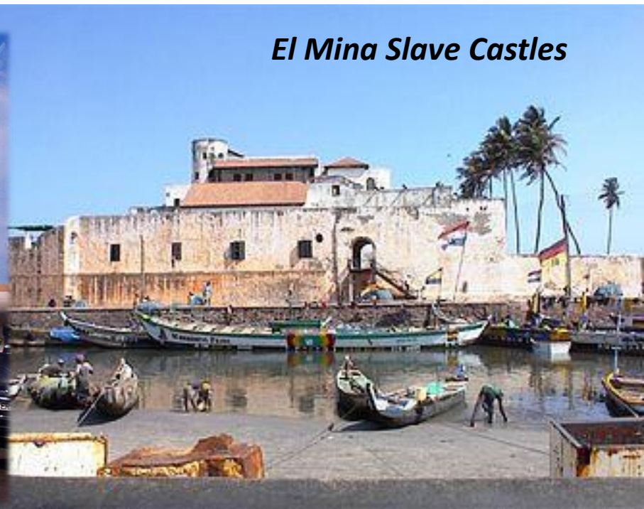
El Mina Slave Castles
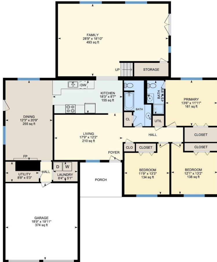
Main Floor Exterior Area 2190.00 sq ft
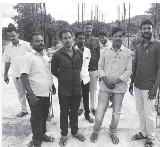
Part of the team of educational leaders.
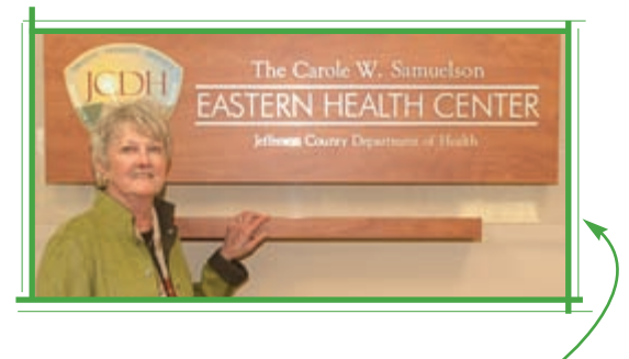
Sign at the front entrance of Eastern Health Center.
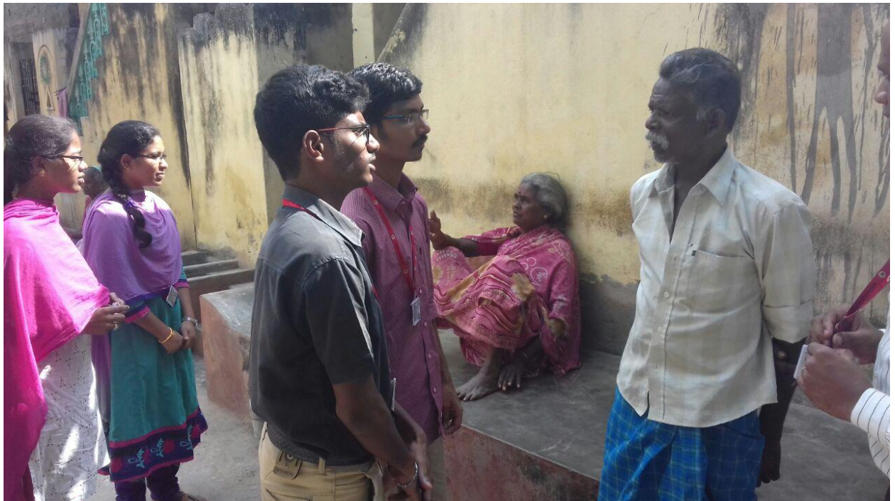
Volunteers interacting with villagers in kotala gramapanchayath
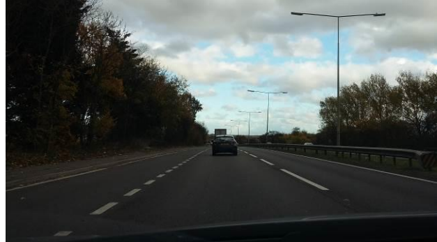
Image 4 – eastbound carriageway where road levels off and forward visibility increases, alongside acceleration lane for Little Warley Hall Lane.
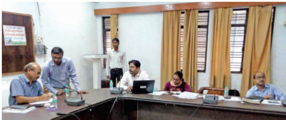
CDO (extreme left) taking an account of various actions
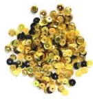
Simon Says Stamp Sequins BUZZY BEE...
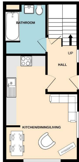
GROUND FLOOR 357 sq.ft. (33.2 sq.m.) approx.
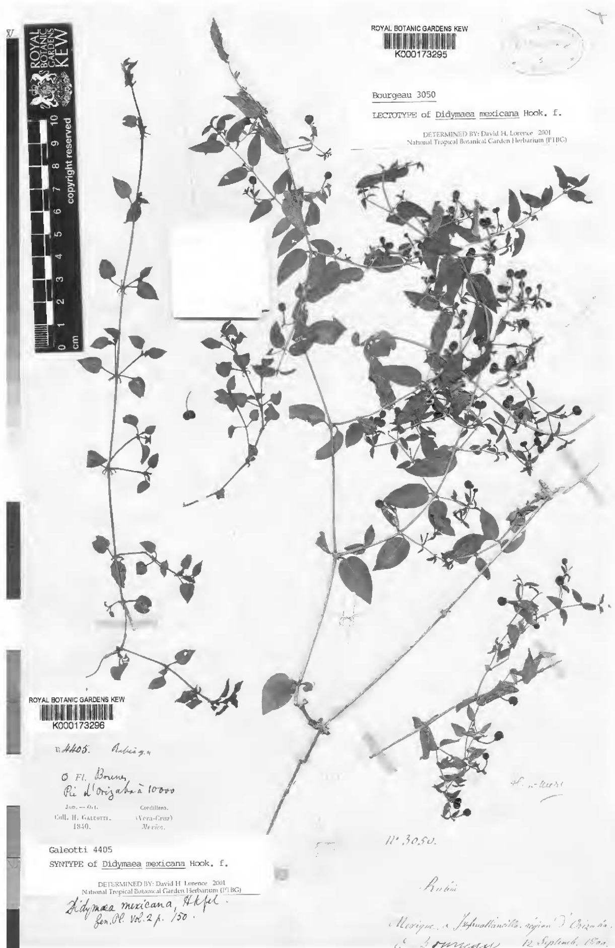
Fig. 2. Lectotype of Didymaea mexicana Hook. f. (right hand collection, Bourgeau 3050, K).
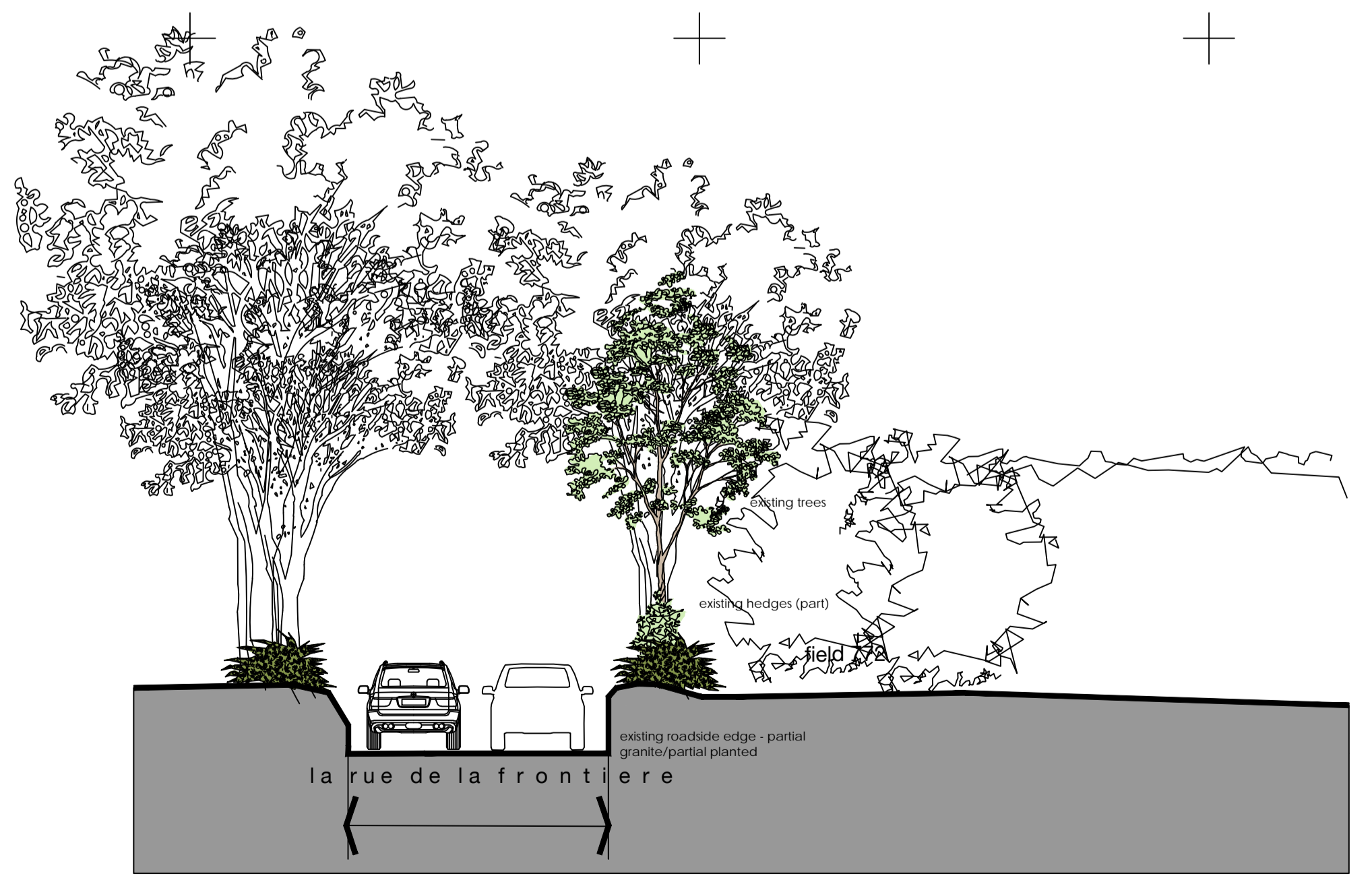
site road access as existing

--------------------------------

A clean copy is needed of the lines above from the one with "Image 4 – eastbound" up to and including the one with "GROUND FLOOR 357 sq.ft. (33.2 sq.m.) approx.". Please set it down exactly, with no pictures.

TASK RESULT:
Image 4 – eastbound carriageway where road levels off and forward visibility increases, alongside acceleration lane for Little Warley Hall Lane.
CDO (extreme left) taking an account of various actions
Simon Says Stamp Sequins BUZZY BEE...
GROUND FLOOR 357 sq.ft. (33.2 sq.m.) approx.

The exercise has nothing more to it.